As technologists, we need the business community to fully grasp the ideas and benefits behind the API first methodology so that we and they can make sound judgements on directions and strategies. This means that the ideas need to be immediately comprehensible and their ramifications obvious.

Rubbish pile
Image: https://www.onmanorama.com/lifestyle/news/2022/08/10/eliminate-impact-single-use-plastic-products.html

I am going to suggest that we throw out a lot of these phrases and keep things simple, but I won’t try to reinvent the wheel and create completely new phrases. For the rest of this article, I will only refer to 3 terms.

API First concepts

Each term has an impact on the technical and business strategies/successes in different measures. But each concept requires a full “buy-in” and understanding from the business.

API First

  • Design the and build the API first!
  • The product is built around the API.
  • This is reflected in the business strategies and revenue models (see API as a product and API design 1st).

API-first is obvious from the business point of view. The API is the primary income generator or essential to other income product/s. Without a revenue model, you do not have a business. Therefore if APIs are the main product or critical to a product that is being created/overhauled, then the API becomes a crucial first-class citizen, not just for the technical dept, but also from the business.

Information and data are key to the modern business, right? APIs are the backbone for nearly all data communication.

Building a new product (not just API) is an expensive task, both in time and money. By going through a full design phase for the API, the correct emphasis and attention is given to the API that it needs, a lot of thought will be put into:

  • What data is being shared across the API.
  • Why this data sharing is required or wanted.
  • Who/what will be consuming the data (internal and/or external).
    • This will reveal any potential flaws or opportunities in assumptions that the business has made.
  • Ensuring that all business processes are made more efficient by the new agile data flow that APIs will provide.
  • Performance.
  • Reliability.
  • Scalability
  • Usability.
  • pricing.
  • Future changes/versioning.

n return, API First will have a causal effect on the business by ensuring that due diligence and research is followed before embarking on a costly venture of system build. A lot of thought will be put into what the business needs and why. Future projections and plans become much clearer.
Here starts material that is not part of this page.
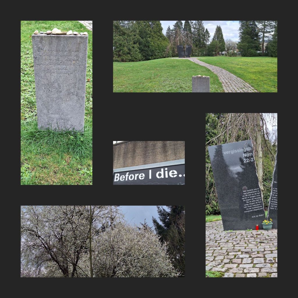 Ik zoek de metalen plaatjes (met namen van de slachtoffers) van de brandgrens en loop die helemaal langs. Wat een klein gebied, eigenlijk. En volkomen willekeurig.

This does not mean that all other resources sit in idle-mode until the API is built, in fact it can happen simultaneously. Once you have the API model built in documentation like OpenAPI or Redoc (quite early in the process), you have a model that can be used by consumers before you start the full development. This saves time and money on fixing broken assumptions, missing or inadequate requirements.

API as a Product

  1. The API may be the core product, but not necessarily.
  2. API as a product has 2 definitions:
    1. External-facing API that is monetised
    2. Indirect monetisation by a product that requires an API to function or public exposure and usage through a free public API.

API as a product, is tightly coupled to the API design-first concept. In order to implement business strategies for revenue driving APIs, good design and documentation is a “must-have” to enable third parties to consume the APIs, providing an easy-to-use, comprehensive and unified experience.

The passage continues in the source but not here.